Task statement: Exercise in exact copying: restate word for word only the lines below from the one containing "Молодая пара на кухне с фруктами в руках" through the one containing "Kuusamo – Pius", omitting any pictures.

Source records:
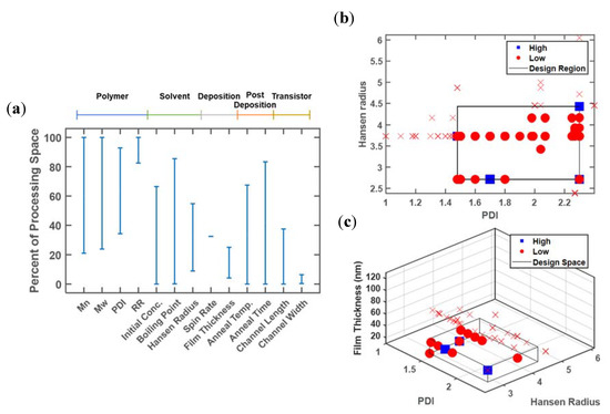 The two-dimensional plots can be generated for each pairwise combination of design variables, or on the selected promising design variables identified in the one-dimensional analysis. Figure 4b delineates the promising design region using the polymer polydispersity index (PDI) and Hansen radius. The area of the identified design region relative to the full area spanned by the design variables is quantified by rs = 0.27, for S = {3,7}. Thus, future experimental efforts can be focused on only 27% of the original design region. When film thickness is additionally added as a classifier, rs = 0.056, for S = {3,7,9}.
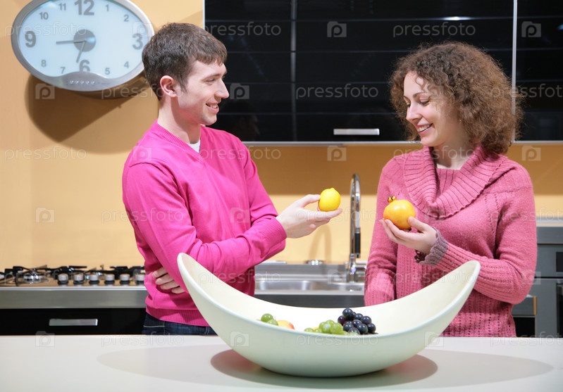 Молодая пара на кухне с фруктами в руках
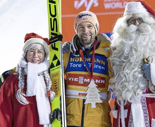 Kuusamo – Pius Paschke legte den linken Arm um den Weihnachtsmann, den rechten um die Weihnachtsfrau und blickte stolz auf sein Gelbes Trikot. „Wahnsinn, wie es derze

...

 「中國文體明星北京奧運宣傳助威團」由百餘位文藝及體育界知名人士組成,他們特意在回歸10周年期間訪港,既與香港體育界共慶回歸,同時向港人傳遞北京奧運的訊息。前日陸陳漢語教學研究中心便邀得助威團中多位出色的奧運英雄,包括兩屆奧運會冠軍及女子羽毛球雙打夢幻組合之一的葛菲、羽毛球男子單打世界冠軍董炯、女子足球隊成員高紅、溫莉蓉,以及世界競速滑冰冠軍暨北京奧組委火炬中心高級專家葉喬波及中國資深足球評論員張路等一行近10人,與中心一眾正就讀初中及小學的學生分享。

The completed task:
 Молодая пара на кухне с фруктами в руках
 Kuusamo – Pius Paschke legte den linken Arm um den Weihnachtsmann, den rechten um die Weihnachtsfrau und blickte stolz auf sein Gelbes Trikot. „Wahnsinn, wie es derze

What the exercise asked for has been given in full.